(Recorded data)
----

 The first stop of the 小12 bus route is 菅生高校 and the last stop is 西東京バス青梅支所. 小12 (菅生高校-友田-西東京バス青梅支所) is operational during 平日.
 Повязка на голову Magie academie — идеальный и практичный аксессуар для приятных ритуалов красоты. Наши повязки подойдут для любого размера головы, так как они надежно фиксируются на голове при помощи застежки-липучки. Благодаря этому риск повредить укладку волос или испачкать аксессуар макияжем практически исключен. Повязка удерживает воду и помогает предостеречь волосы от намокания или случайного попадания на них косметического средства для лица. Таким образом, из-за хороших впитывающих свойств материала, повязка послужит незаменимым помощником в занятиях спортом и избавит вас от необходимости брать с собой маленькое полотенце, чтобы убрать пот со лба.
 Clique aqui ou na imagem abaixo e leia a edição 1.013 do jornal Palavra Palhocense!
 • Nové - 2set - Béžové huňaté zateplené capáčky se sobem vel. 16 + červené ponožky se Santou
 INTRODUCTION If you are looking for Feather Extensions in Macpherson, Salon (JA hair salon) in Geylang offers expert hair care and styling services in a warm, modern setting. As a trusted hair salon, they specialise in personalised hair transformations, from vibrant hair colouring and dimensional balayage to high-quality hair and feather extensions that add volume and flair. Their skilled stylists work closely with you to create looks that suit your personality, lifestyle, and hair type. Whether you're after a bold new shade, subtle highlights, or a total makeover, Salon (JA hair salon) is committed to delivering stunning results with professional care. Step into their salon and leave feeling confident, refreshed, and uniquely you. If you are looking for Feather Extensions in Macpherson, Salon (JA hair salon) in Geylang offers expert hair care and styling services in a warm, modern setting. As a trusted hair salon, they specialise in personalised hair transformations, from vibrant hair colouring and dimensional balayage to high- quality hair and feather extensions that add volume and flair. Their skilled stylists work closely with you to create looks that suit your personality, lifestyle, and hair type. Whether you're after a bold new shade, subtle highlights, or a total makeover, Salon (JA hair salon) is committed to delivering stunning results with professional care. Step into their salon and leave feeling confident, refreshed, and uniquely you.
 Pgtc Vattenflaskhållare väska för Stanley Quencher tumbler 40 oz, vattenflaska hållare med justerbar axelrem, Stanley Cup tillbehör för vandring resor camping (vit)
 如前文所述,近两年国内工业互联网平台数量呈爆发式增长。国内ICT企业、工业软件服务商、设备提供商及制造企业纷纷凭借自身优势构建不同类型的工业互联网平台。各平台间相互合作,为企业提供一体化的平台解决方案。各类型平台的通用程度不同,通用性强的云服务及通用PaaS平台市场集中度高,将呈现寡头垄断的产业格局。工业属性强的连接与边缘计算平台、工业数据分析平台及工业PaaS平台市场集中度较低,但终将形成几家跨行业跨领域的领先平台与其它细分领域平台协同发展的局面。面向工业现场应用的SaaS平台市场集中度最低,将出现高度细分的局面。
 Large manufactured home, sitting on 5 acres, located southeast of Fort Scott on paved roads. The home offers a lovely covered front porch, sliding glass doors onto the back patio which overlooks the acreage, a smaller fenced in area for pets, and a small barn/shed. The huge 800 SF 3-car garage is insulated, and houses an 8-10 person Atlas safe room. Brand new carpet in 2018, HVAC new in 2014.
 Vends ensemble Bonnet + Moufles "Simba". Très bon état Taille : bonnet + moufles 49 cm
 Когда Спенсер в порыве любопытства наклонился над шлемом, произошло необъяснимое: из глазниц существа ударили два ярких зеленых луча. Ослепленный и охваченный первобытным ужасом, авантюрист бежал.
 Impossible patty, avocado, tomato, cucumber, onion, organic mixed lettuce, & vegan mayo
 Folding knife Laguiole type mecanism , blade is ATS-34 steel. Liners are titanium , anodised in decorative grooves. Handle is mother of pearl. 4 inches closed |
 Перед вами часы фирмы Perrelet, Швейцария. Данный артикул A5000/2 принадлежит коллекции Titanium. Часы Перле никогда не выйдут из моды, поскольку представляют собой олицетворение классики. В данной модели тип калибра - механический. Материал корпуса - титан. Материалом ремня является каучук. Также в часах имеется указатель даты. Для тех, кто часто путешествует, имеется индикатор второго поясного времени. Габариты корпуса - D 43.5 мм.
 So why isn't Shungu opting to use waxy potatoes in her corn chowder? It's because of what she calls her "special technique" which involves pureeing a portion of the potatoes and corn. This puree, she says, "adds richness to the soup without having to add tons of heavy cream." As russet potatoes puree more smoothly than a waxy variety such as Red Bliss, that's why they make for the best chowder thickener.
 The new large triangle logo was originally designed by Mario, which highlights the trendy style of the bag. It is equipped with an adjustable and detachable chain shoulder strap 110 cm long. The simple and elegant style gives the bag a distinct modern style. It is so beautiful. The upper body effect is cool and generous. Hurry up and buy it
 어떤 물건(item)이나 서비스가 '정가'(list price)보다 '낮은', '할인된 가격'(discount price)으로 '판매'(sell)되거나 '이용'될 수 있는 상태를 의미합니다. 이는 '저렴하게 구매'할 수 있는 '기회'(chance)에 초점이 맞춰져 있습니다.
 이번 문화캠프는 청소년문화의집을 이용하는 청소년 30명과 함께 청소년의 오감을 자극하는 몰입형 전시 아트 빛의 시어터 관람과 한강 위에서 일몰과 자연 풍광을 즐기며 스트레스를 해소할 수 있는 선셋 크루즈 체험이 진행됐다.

----

Only the lines above from the one with "Pgtc Vattenflaskhållare väska" through the one with "如前文所述,近两年国内工业互" should be duplicated, character for character.

 Pgtc Vattenflaskhållare väska för Stanley Quencher tumbler 40 oz, vattenflaska hållare med justerbar axelrem, Stanley Cup tillbehör för vandring resor camping (vit)
 如前文所述,近两年国内工业互联网平台数量呈爆发式增长。国内ICT企业、工业软件服务商、设备提供商及制造企业纷纷凭借自身优势构建不同类型的工业互联网平台。各平台间相互合作,为企业提供一体化的平台解决方案。各类型平台的通用程度不同,通用性强的云服务及通用PaaS平台市场集中度高,将呈现寡头垄断的产业格局。工业属性强的连接与边缘计算平台、工业数据分析平台及工业PaaS平台市场集中度较低,但终将形成几家跨行业跨领域的领先平台与其它细分领域平台协同发展的局面。面向工业现场应用的SaaS平台市场集中度最低,将出现高度细分的局面。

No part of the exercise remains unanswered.